For direct I/O to work efficiently, the I/O request should be appropriate for the type of file system being used. The finfo() and ffinfo() subroutines can be used to query the offset, length, and address alignment requirements for fixed block size file systems, fragmented file systems, and bigfile file systems (direct I/O is not supported on compressed file systems). The information queried are contained in the structure diocapbuf as described in /usr/include/sys/finfo.h.
To avoid consistency issues, if there are multiple calls to open a file and one or more of the calls did not specify O_DIRECT and another open specified O_DIRECT, the file stays in the normal cached I/O mode. Similarly, if the file is mapped into memory through the shmat() or mmap() system calls, it stays in normal cached mode. If the last conflicting, non-direct access is eliminated, then the JFS will move the file into direct I/O mode (either by using the close(), munmap(), or shmdt() subroutines). Changing from normal mode to direct I/O mode can be expensive because all modified pages in memory will have to be flushed to disk at that point.
Direct I/O does not enhance raw I/O performance. Raw I/O performance is still slightly faster than direct I/O, but if you want the benefits of a JFS and enhanced performance, direct I/O is highly recommended.
Even though the use of direct I/O can reduce CPU usage, it typically results in longer elapsed times, especially for small I/O requests, because the requests would not be cached in memory.
Direct I/O reads cause synchronous reads from the disk, whereas with normal cached policy, the reads may be satisfied from the cache. This can result in poor performance if the data was likely to be in memory under the normal caching policy. Direct I/O also bypasses the VMM read-ahead algorithm because the I/Os do not go through the VMM. The read-ahead algorithm is very useful for sequential access to files because the VMM can initiate disk requests and have the pages already be resident in memory before the application has requested the pages. Applications can compensate for the loss of this read-ahead by using one of the following methods:
Direct I/O writes bypass the VMM and go directly to the disk, so that there can be a significant performance penalty; in normal cached I/O, the writes can go to memory and then be flushed to disk later (write-behind). Because direct I/O writes do not get copied into memory, when a sync operation is performed, it will not have to flush these pages to disk, thus reducing the amount of work the syncd daemon has to perform.

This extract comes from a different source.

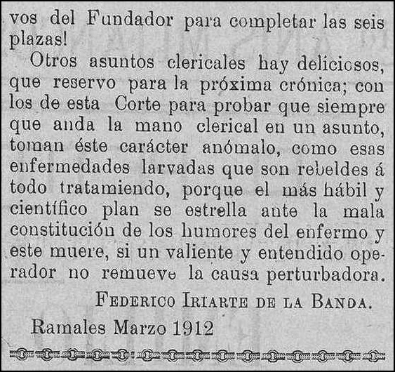 Otros asuntos clericales hay deliciosos, que reservo para la próxima crónica; con los de esta Corte para probar que siempre que anda la mano clerical en un asunto, toman éste carácter anómalo, como esas enfermedades larvadas que son rebeldes á todo tratamiento, porque el más hábil y científico plan se estrella ante la mala constitución de los humores del enfermo y este muere, si un valiente y entendido operdador no remueve la causa perturvadora.

In the following example, performance is measured on an RS/6000 E30, 233
MHz, with AIX 4.3.1 (your performance will vary, depending on
system configuration). KBPS is the throughput in kilobytes per second,
and %CPU is CPU usage in percent.
# of 2.2 GB SSA Disks
# of PCI SSA Adapters | 1
1 | 2
1 | 4
1 | 6
1 | 8
1 |
Sequential read throughput, using normal I/O | |||||
KBPS | 7108 | 14170 | 18725 | 18519 | 17892 |
%CPU | 23.9 | 56.1 | 92.1 | 97.0 | 98.3 |
Sequential read throughput, using direct I/O | |||||
KBPS | 7098 | 14150 | 22035 | 27588 | 30062 |
%CPU | 4.4 | 9.1 | 22.0 | 39.2 | 54.4 |
Sequential read throughput, using raw I/O | |||||
KBPS | 7258 | 14499 | 28504 | 30946 | 32165 |
%CPU | 1.6 | 3.2 | 10.0 | 20.9 | 24.5 |
Direct I/O requires substantially fewer CPU cycles than regular I/O. I/O-intensive applications that do not get much benefit from the caching provided by regular I/O can enhance performance by using direct I/O. The benefits of direct I/O will grow in the future as increases in CPU speeds continue to outpace increases in memory speeds.
What types of programs are good candidates for direct I/O? Programs that are typically CPU-limited and perform lots of disk I/O. "Technical" codes that have large sequential I/Os are good candidates. Applications that do numerous small I/Os will typically see less performance benefit, because direct I/O cannot do read ahead or write behind. Applications that have benefited from striping are also good candidates.